**What to produce:**
If pictures appear in the lines below, skip them and copy exactly the lines from the one containing "En ese hecho, los" through the one containing "Elegant gold-plated huggie", and nothing else.

**Information shown:**
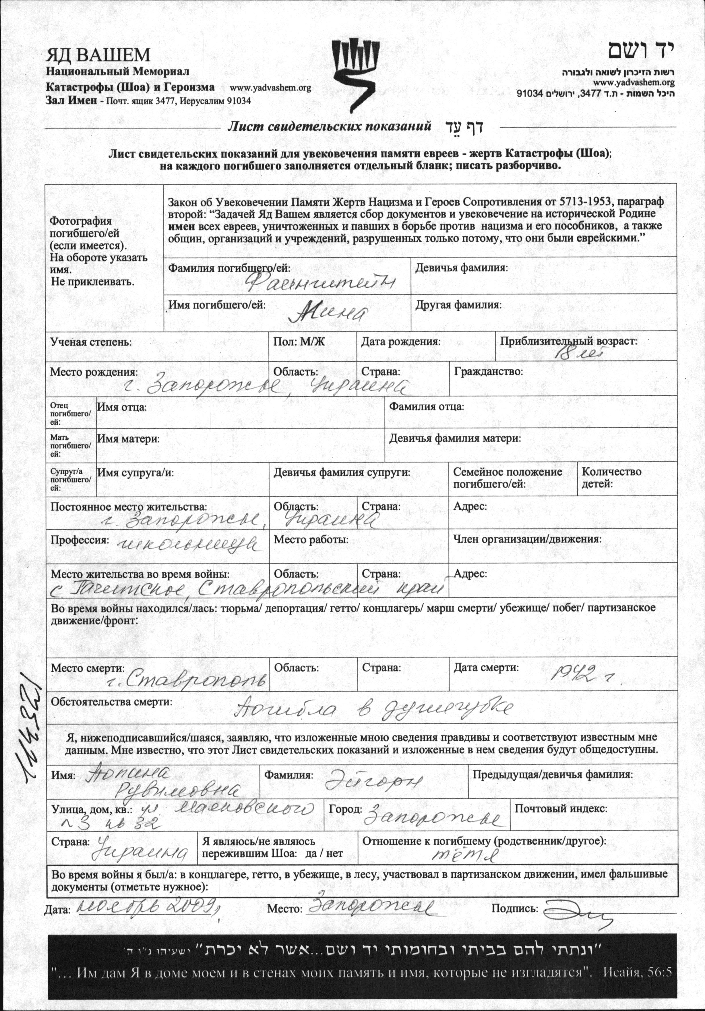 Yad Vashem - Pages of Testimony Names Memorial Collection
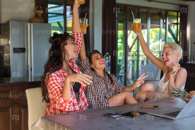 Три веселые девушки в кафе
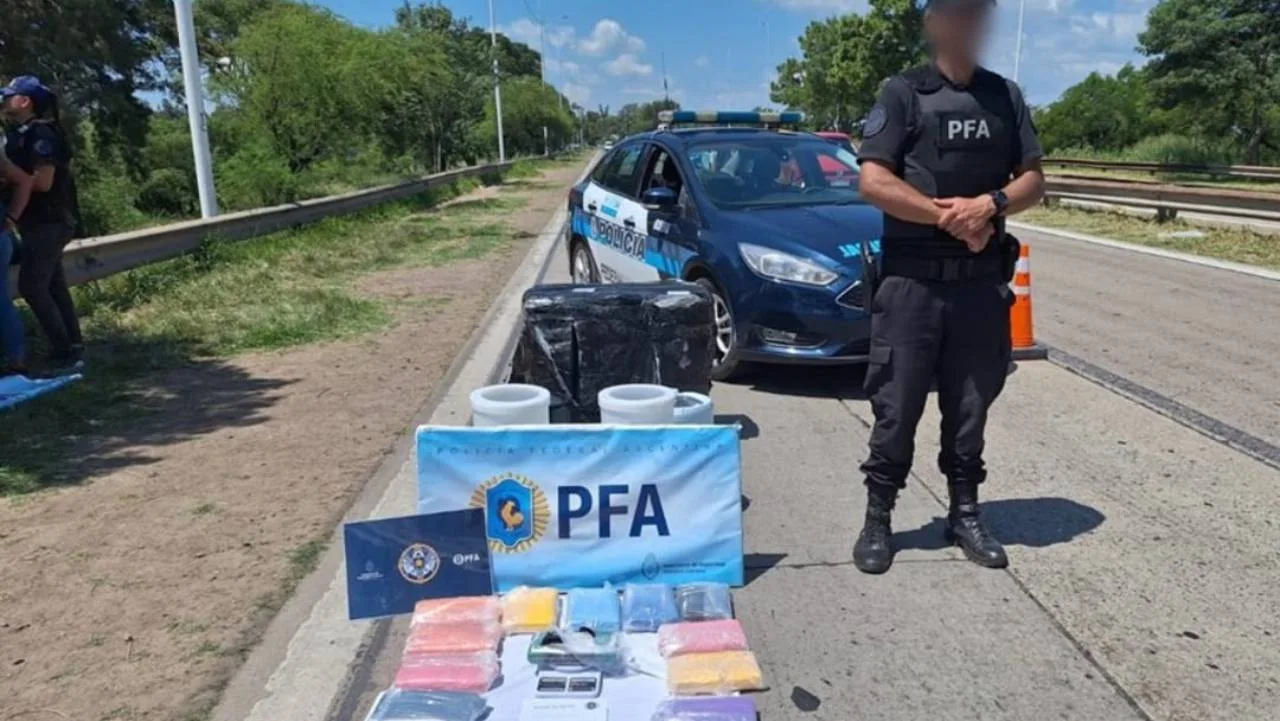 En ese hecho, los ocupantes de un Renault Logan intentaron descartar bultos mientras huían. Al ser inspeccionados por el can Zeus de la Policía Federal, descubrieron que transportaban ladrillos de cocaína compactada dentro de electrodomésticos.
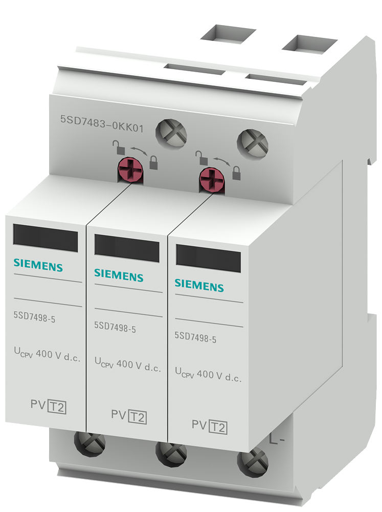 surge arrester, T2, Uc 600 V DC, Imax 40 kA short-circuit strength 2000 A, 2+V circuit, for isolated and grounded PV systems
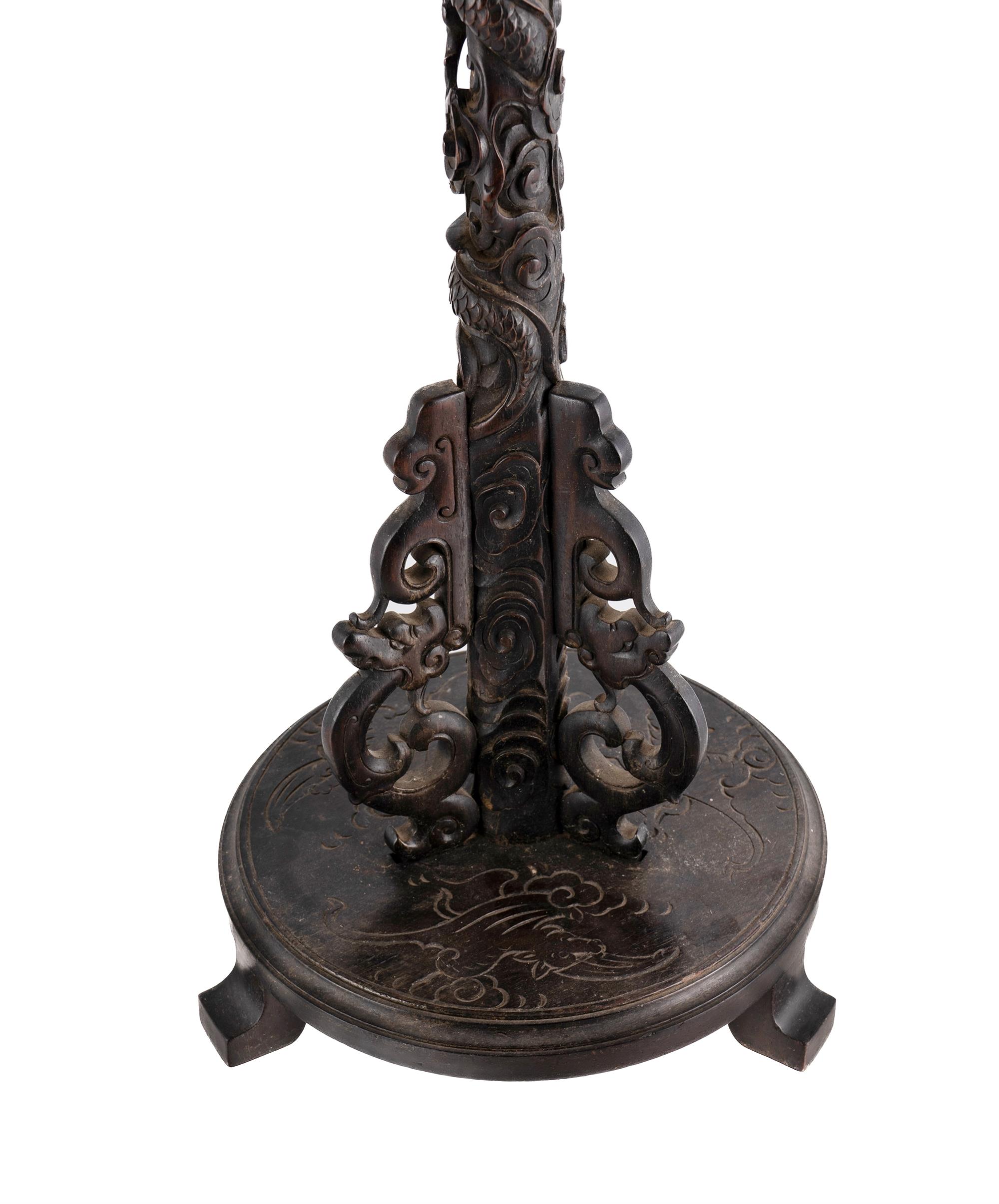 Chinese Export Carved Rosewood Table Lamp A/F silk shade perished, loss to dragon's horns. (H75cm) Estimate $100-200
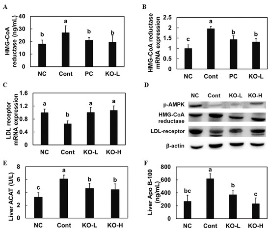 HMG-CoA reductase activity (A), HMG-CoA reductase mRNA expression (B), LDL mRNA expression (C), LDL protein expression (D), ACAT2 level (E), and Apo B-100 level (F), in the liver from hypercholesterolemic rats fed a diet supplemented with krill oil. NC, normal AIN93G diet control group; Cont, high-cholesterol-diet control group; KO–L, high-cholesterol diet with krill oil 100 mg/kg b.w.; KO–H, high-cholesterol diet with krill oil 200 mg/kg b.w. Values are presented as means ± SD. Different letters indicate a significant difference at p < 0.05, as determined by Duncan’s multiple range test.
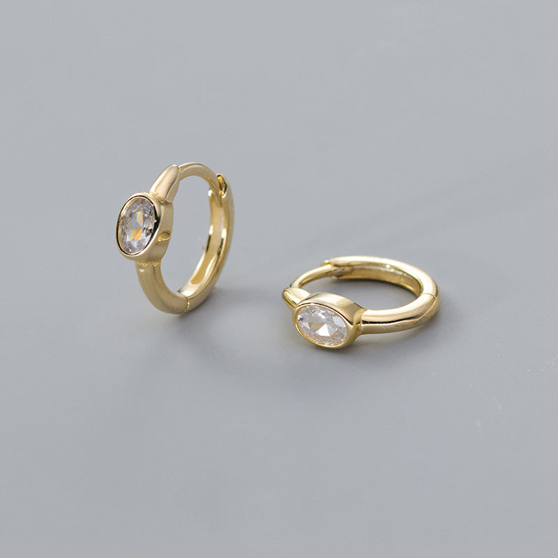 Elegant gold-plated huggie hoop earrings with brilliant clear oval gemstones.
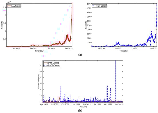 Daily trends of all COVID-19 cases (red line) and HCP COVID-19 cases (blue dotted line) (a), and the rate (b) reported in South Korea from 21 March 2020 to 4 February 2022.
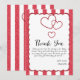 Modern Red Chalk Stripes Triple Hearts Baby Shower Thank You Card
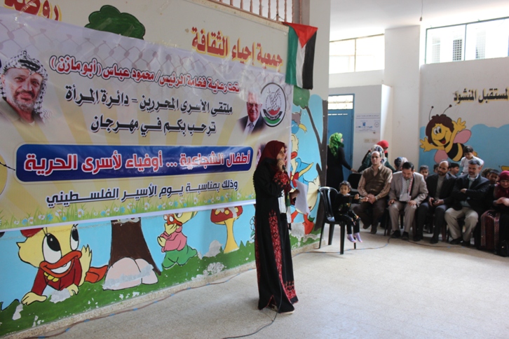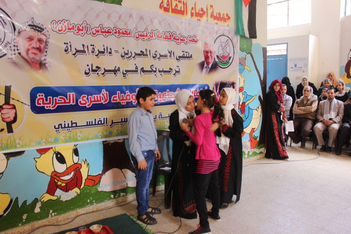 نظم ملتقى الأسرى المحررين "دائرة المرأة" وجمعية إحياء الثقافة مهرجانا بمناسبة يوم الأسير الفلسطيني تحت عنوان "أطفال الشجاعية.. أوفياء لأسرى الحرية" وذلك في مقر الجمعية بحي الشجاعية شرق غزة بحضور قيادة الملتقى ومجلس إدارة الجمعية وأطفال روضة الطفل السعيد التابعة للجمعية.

==

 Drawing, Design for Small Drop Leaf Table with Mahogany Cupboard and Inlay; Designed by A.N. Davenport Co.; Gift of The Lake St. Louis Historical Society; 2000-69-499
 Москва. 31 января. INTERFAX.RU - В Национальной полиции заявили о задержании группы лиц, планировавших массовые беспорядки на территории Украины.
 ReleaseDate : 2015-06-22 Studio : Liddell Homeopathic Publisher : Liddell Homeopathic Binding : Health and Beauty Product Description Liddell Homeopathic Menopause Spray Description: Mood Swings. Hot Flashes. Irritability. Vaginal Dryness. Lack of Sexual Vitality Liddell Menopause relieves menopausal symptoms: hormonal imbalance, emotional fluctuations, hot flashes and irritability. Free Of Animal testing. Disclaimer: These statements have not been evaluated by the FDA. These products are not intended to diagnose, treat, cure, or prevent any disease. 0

---

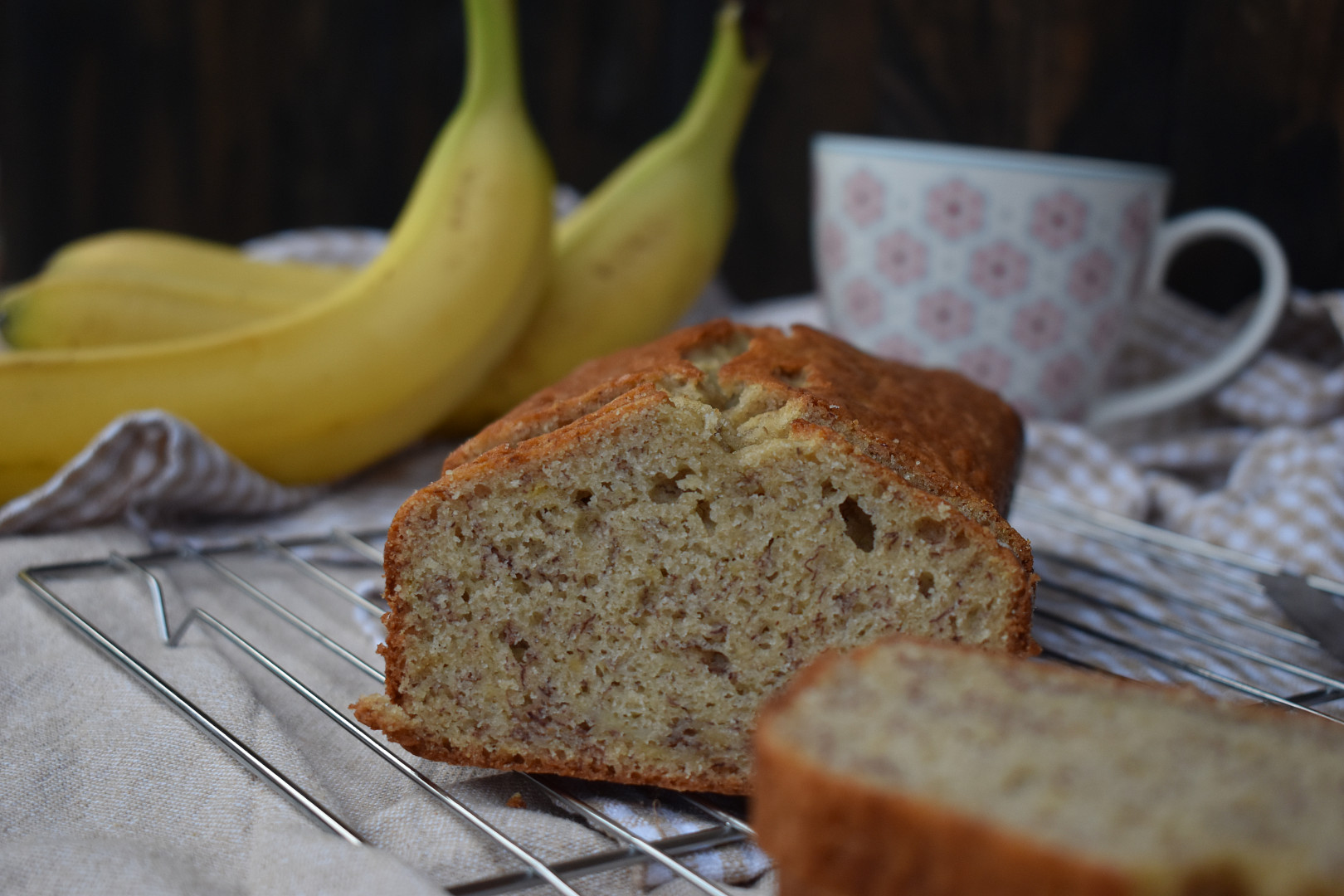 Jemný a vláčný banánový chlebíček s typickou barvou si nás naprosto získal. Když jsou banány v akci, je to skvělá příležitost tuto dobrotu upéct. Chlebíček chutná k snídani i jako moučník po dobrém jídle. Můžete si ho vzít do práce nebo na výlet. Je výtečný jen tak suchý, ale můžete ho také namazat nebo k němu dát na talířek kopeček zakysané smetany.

**Solved problem:**
 En ese hecho, los ocupantes de un Renault Logan intentaron descartar bultos mientras huían. Al ser inspeccionados por el can Zeus de la Policía Federal, descubrieron que transportaban ladrillos de cocaína compactada dentro de electrodomésticos.
 surge arrester, T2, Uc 600 V DC, Imax 40 kA short-circuit strength 2000 A, 2+V circuit, for isolated and grounded PV systems
 Chinese Export Carved Rosewood Table Lamp A/F silk shade perished, loss to dragon's horns. (H75cm) Estimate $100-200
 HMG-CoA reductase activity (A), HMG-CoA reductase mRNA expression (B), LDL mRNA expression (C), LDL protein expression (D), ACAT2 level (E), and Apo B-100 level (F), in the liver from hypercholesterolemic rats fed a diet supplemented with krill oil. NC, normal AIN93G diet control group; Cont, high-cholesterol-diet control group; KO–L, high-cholesterol diet with krill oil 100 mg/kg b.w.; KO–H, high-cholesterol diet with krill oil 200 mg/kg b.w. Values are presented as means ± SD. Different letters indicate a significant difference at p < 0.05, as determined by Duncan’s multiple range test.
 Elegant gold-plated huggie hoop earrings with brilliant clear oval gemstones.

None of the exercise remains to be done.